User Group Leader: Daniela Stan
https://www.nipne.ro/
Venue: BNC-WIGNER, BNC-EK
The project intended to determine the composition of paste, colorants, and opacifiers of colored Byzantine, late medieval and modern Murano glass.
The goal of this experiment was to determine the historical evolution of colored glass production technology – from paste (glass “clay”) recipes to colorants and opacifiers in the Second Millenium B C. For pigments studies (painted glass), external milli-PIXE is a very suitable method, mainly because the pigments are localized in a near-surface layer of the samples. To analyze the paste (”bulk”) – main glass components, colorants, opacifiers – PGAA measurements are indispensable. A comparison with the similar results on medieval glass (paste, colorants, opacifiers, and pigments) published in literature will be finally performed.

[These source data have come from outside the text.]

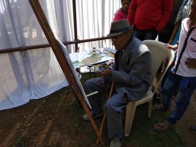 कोल्हापुरात टाउन हॉल म्युझिअम बागेत रविवारी ‘रंगबहार’च्या वतीने आयोजित रंगसुरांच्या मैफलीला बहर आला. चित्र साकारताना जेष्ठ चित्रकार विश्रांत पोवार .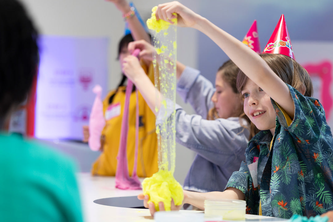 A: Guests create a dreamy slime at our DIY Slime Bar in the experience. You may enhance your party with an Elmer’s slime making class (from scratch) or other activities for an additional fee. See our brochure for details.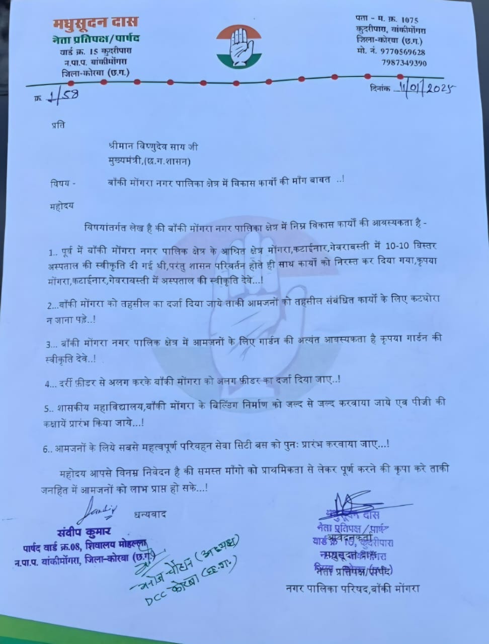 कोरबा। विपक्षी पार्षदों ने नेता प्रतिपक्ष मधुसूदन दास के नेतृत्व में बाँकी मोंगरा नगर पालिक क्षेत्र में हॉस्पिटल,गार्डन,तहसील,कॉलेज विस्तार,अलग फ़ीडर,सिटी बस प्रारंभ करने संबंधित 6 माँगो का पत्र सौपा एवं जल्द से जल्द समस्याओं के निराकरण की माँग किया।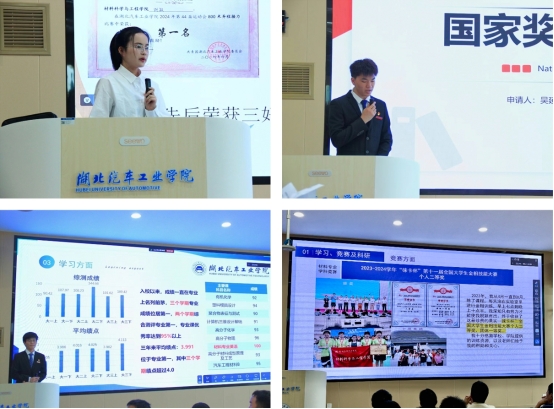 答辩会上,四位同学围绕思想品格、学习成绩、学生工作、社会实践、科技创新等方面进行个人风采展示,参与答辩的学生依次上台,他们自信满满地展示了自己在过去一年中的丰硕成果,分享各自在学习、生活、竞赛等方面的成长和感悟,彰显了新时代材工学子勤奋好学、斗志昂扬、勇于担当的良好精神面貌。

The aim was to determine the chemical components responsible for the color of both glass and painting – using External milli-beam PIXE and light elements from glass paste (B, Na, Mg, Al, Cl etc) – using PGAA. We started with 30 colored (blue, red, violet, white, brown) glass fragments from some Byzantine painted bracelets, analyzing both the glass and the mineral pigments (yellow, red, brown, green, blue) from the painting. The blue color of the glass is given by cobalt, as expected. Dark blue to black color in the glass is given mainly by manganese but mixed with cobalt and iron. The red color is given by copper. The identification of recipes for pigments is in progress. We continued with 10 colored glass samples from 17-18 Centuries discovered during the architectural restoration of two Churches in Bucharest. The main result was the use of lead in obtaining a transparent glass. Finally, we analyzed 10 modern Murano colored glass samples, partially also painted, to determine the chemical elements used as colorants and metallic painting pigments. The main results are the use of zinc for glass transparency, cobalt for blue, copper for dark red, cobalt for dark green, chromium and copper for green, and the most unexpected result: selenium for brown-orange. A complete final identification of glass colorants and pigments is in progress.
With PGAA were measured 23 Byzantine, 7 medieval and 8 modern Murano glass. In general, the major components: H, Na, Mg, Al, Si, K, Ca, and also B, S, Cl, Ti, Mn, Fe, Cu, Co are quantitatively measured. Data analysis is in progress.